As the world’s top producer and consumer of gold, China wants to wield greater influence in pricing the commodity. The denomination of the SGE’s new contracts is particularly important given Beijing’s ambition to reduce reliance on the US dollar and promote wider use of the yuan in international trade.

“The buying and selling of gold at the new vault will also significantly improve the transaction volume of offshore yuan,” said Doris Bao, the founder of Gold Harvest Consulting. “The vault also means that China can now import gold in yuan rather than dollars,” further supporting de-dollarization, said Bao, who is also a consultant for London Bullion Market Association.

The SGE was established in 2002 by the People’s Bank of China as the country’s primary platform for trading bullion.
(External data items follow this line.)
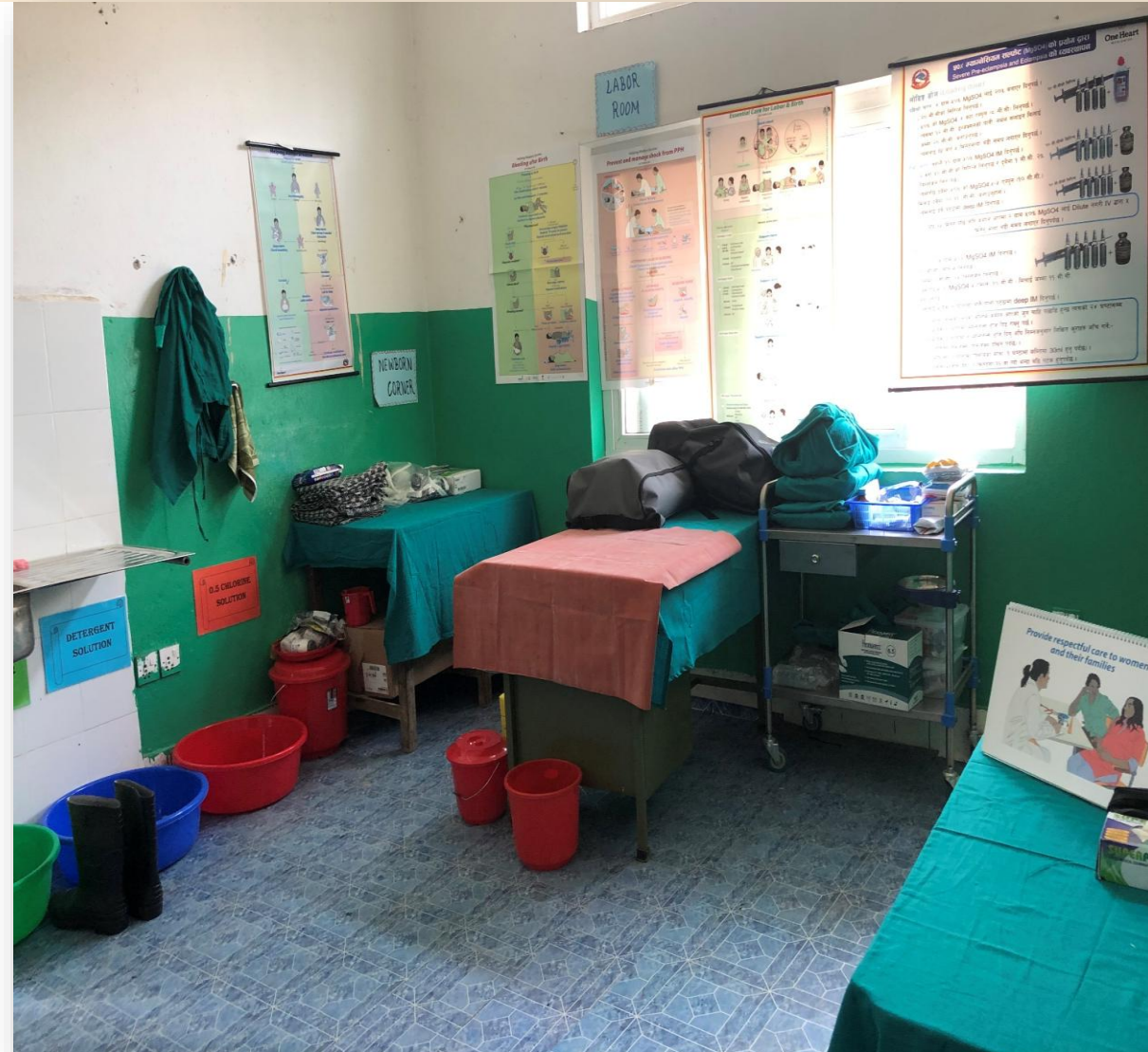
Picture: A simulation lab set-up
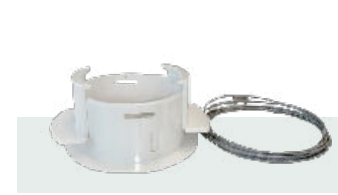
CQC Ceiling flange, 2.0m hanging wire and terminal block.
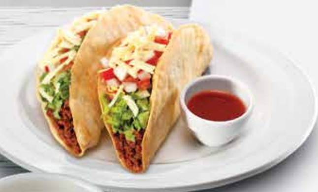
BEST TACO IN TOWN

Deep fried boneless chicken strips coated with cayenne powder and served with gravy 18

In 2014, it set up the International Board to allow foreigners to participate directly in China’s market. That effort is now accelerating for other commodities. The Shanghai Futures Exchange, the country’s top venue for trading raw materials, recently unveiled a proposal to enhance access to overseas investors.

Although the SGE is the single largest exchange for physical gold, London remains the market’s undisputed center. Other hubs including Singapore are also trying to wrest some of the action away from the centuries-old UK market. Interest has only grown after the precious metal staged a massive rally to record levels, with prices more than doubling since the turn of the decade.

Much of gold’s appeal is its reputation as a reliable store of value, and China’s central bank has been a major buyer over the past three years, in part to diversify reserves away from the dollar.

Hong Kong, meanwhile, is a well-established banking center that’s seeking to keep pace with the expansion of other financial hubs in the region. The former British colony has a plan to bolster its presence in commodities, from warehousing to trading and logistical services across markets, including bullion.

“It’ll bring, if anything, more comfort for new players to enter the game,” said Joshua Rotbart the founder and managing partner at gold dealer J. Rotbart & Co. However, there are still some questions that could pose potential hurdles for the exchange to become truly global, he said.

“Limiting the access to the Hong Kong facility, in the same manner international players are limited in terms of being able to operate in the mainland, will definitely undermine the project,” Rotbart said.